__EXERCISE__. Once you find the line below that contains "年長さんご入会3回目のレッス", write it out along with every later line exactly as given, stopping only when the records end. Omit the pictures.

[[ SOURCE MATERIAL, beginning ]]

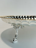 Ornate Pedestal Design: The platter is gracefully lifted by four beautifully detailed, decorative silver-toned feet, mimicking a traditional, high-end pedestal stand.
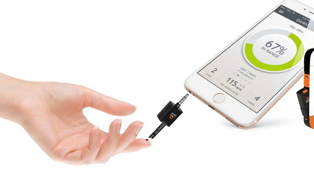 Израильская компания DarioHealth начала продажи на территории США своего глюкометра Dario, который работает напрямую со смартфоном, подключившись к нему через разъем наушников и поручив всю обработку информации специализированному приложению на телефоне.
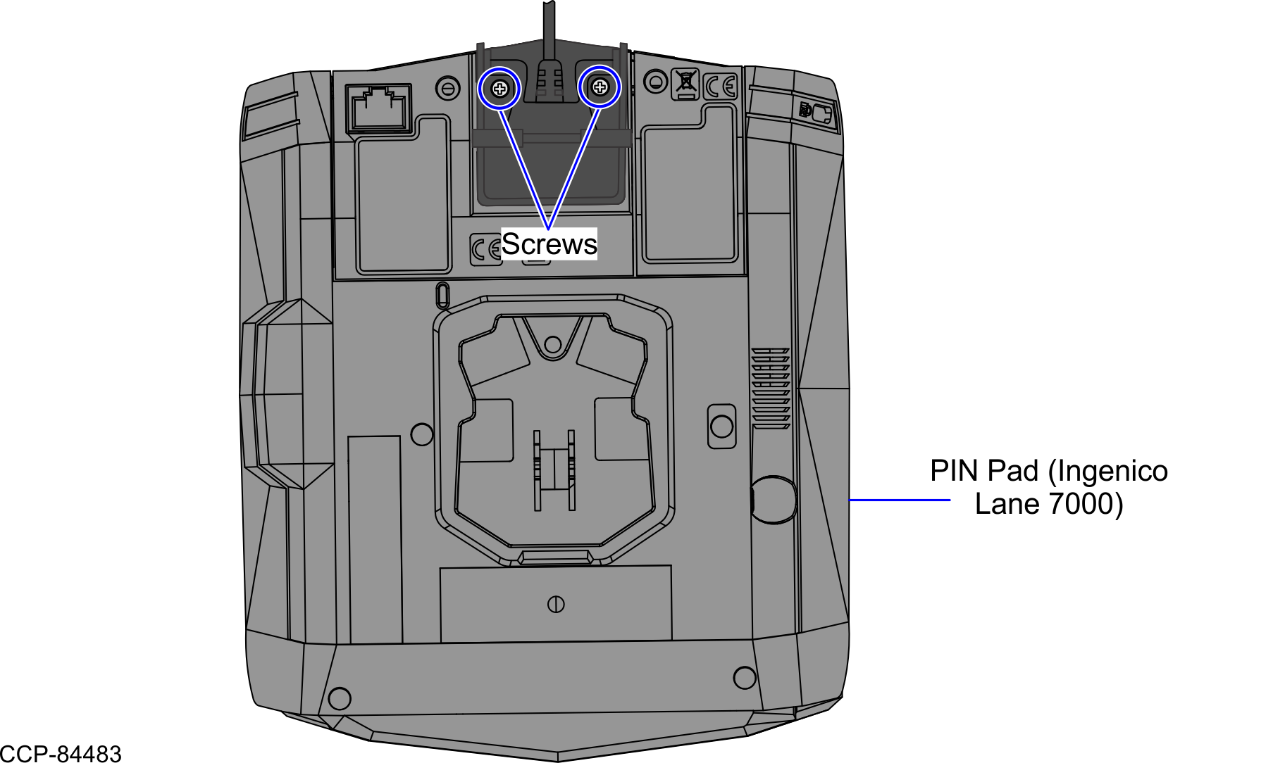 The Ingenico Lane 7000 PIN Pad device is not included in the 7372-K353 PIN Pad Mount - Lane 7000 (Tabletop) Kit. For more information, contact an NCR Customer Service Representative.
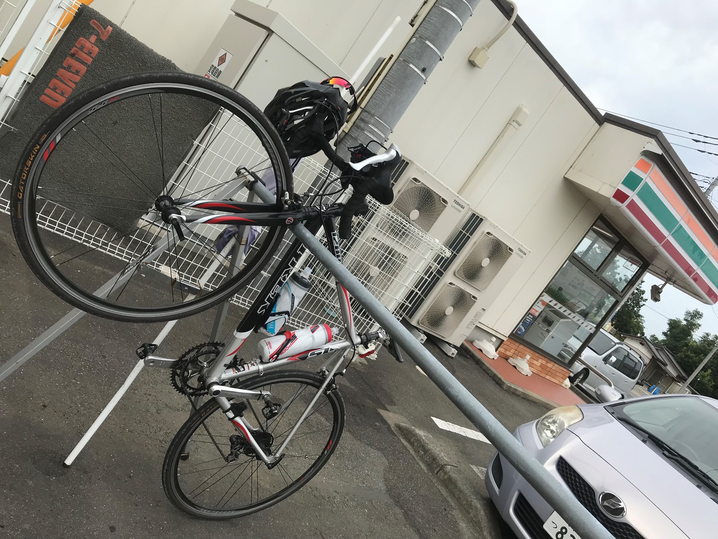 近くのコンビニで休憩。サイクリングラックがあるのは嬉しいです。
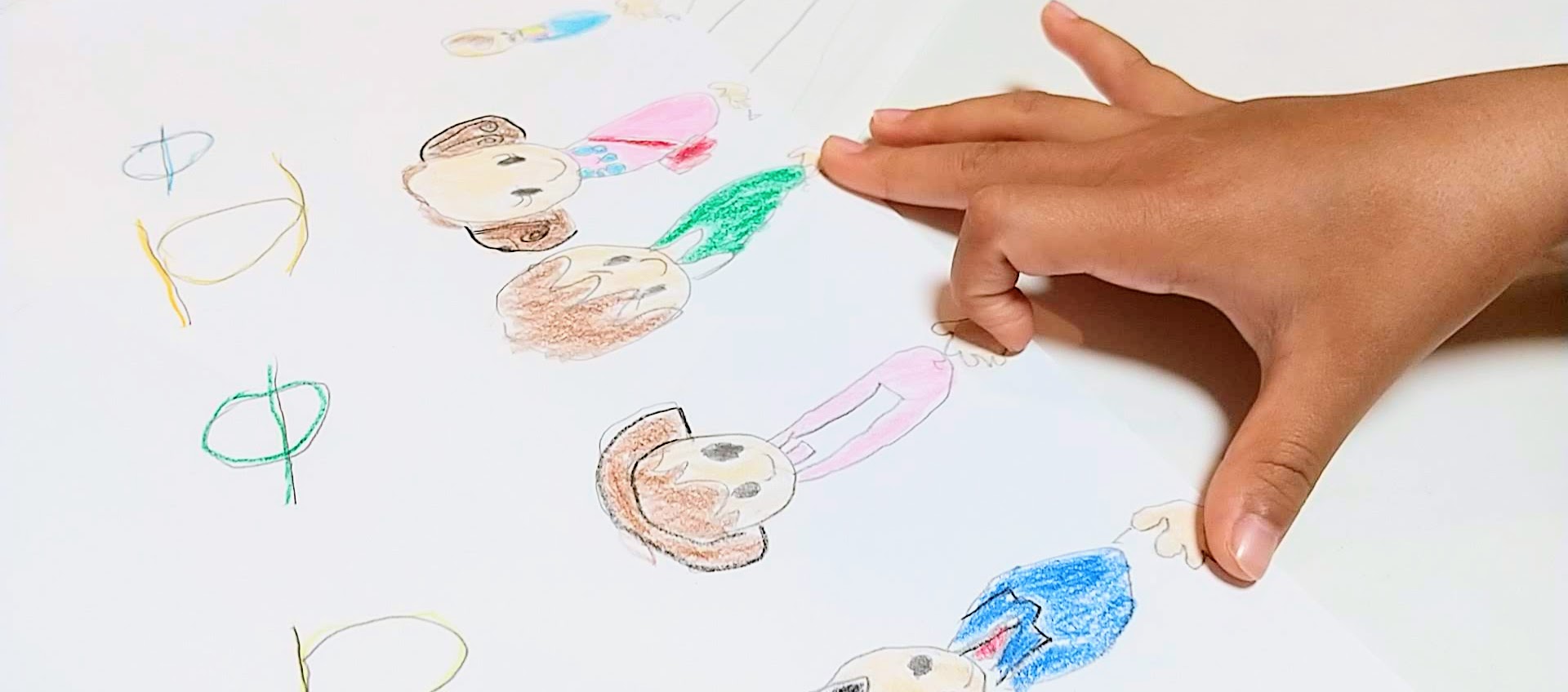 年長さんご入会3回目のレッスンの時におゆびの5にんかぞくの絵を描いてきてくれました。
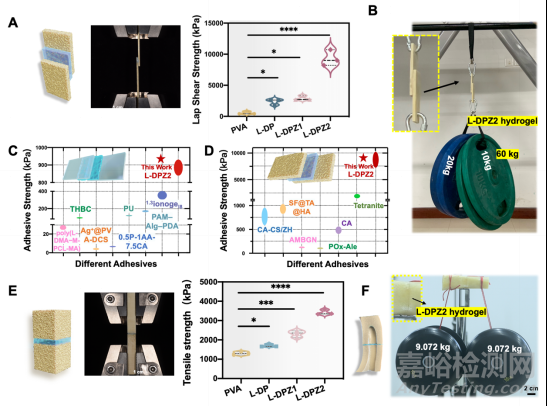 圖2 超強(qiáng)骨膠的粘接強(qiáng)度表征及比較。
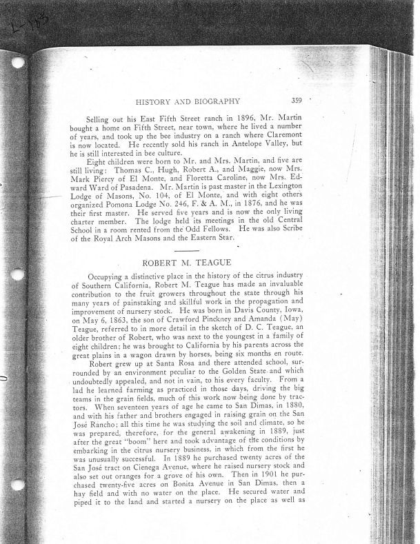 Photocopy from History of Pomona Valley, California with Biographical Sketches of The Leading Men and Women of the Valley Who Have Been Identified With Its Growth and Development from the Early Days to the Present
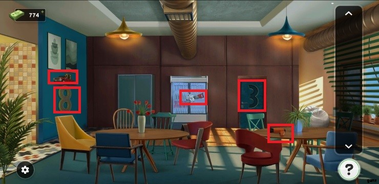 隠しオブジェクトを見つけるのが頭の痛いキッチン エリアにいるようです。たくさんのテーブルと椅子があり、それぞれとやり取りするのは難しいです。そのため、仕事からの脱出ウォークスルー ガイドを読んで助けを求めてください。
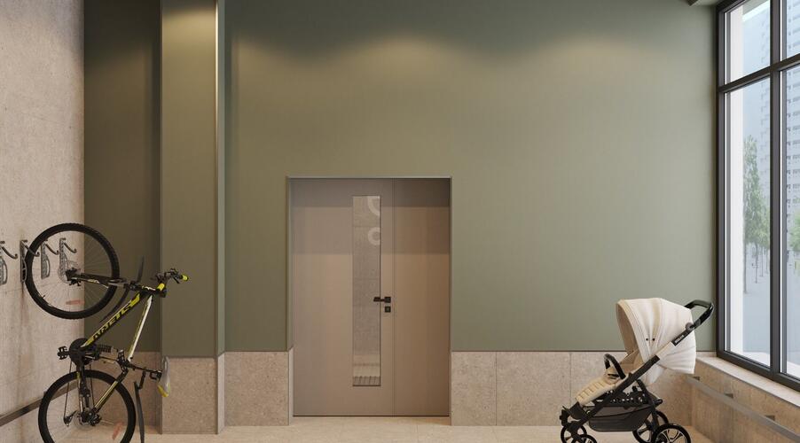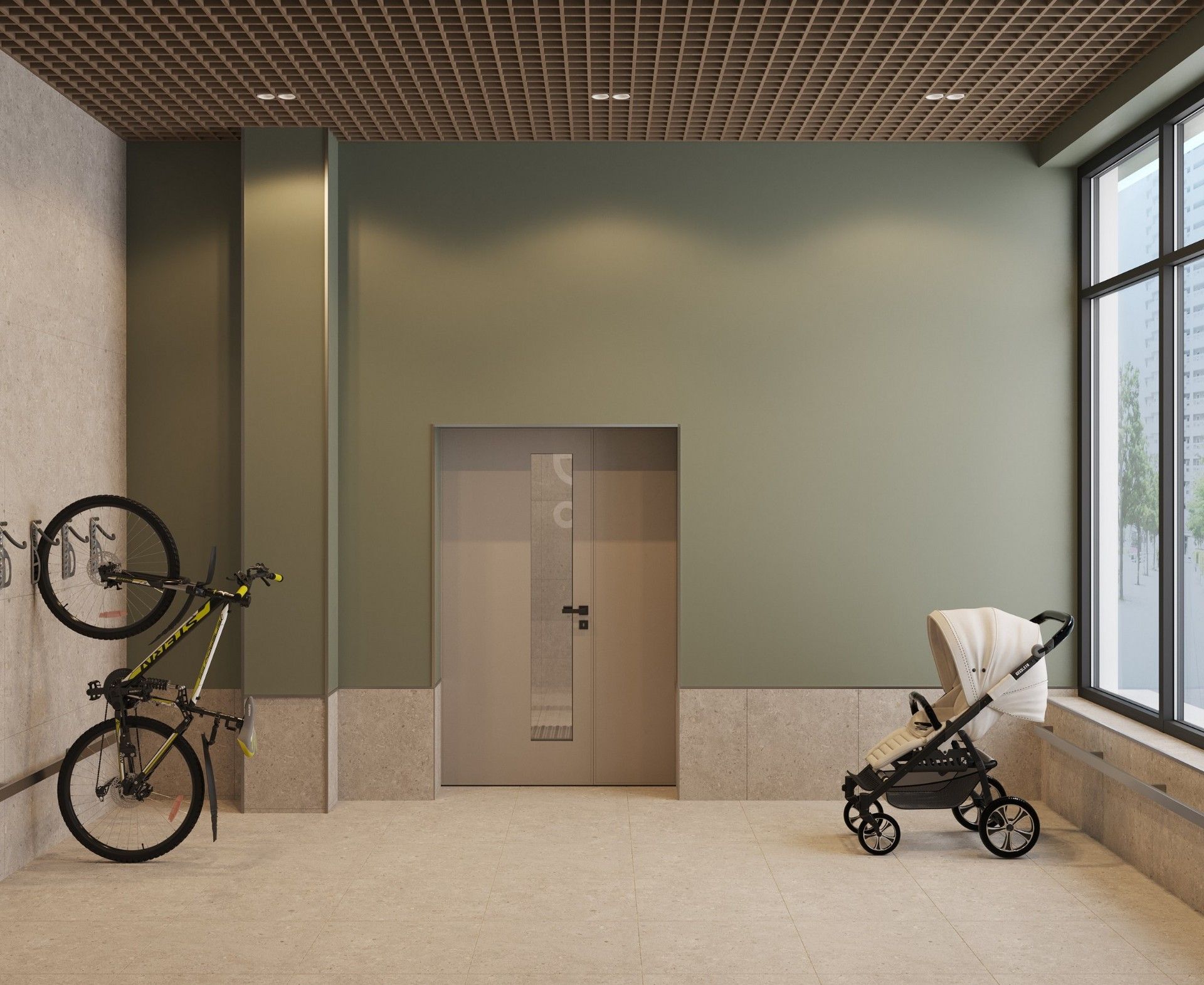 - Просторные колясочные и детские игровые комнаты на первых этажах.

[[ SOURCE MATERIAL, end ]]

__ANSWER FOR THIS EXERCISE__.
 年長さんご入会3回目のレッスンの時におゆびの5にんかぞくの絵を描いてきてくれました。
 圖2 超強(qiáng)骨膠的粘接強(qiáng)度表征及比較。
 Photocopy from History of Pomona Valley, California with Biographical Sketches of The Leading Men and Women of the Valley Who Have Been Identified With Its Growth and Development from the Early Days to the Present
 隠しオブジェクトを見つけるのが頭の痛いキッチン エリアにいるようです。たくさんのテーブルと椅子があり、それぞれとやり取りするのは難しいです。そのため、仕事からの脱出ウォークスルー ガイドを読んで助けを求めてください。
 - Просторные колясочные и детские игровые комнаты на первых этажах.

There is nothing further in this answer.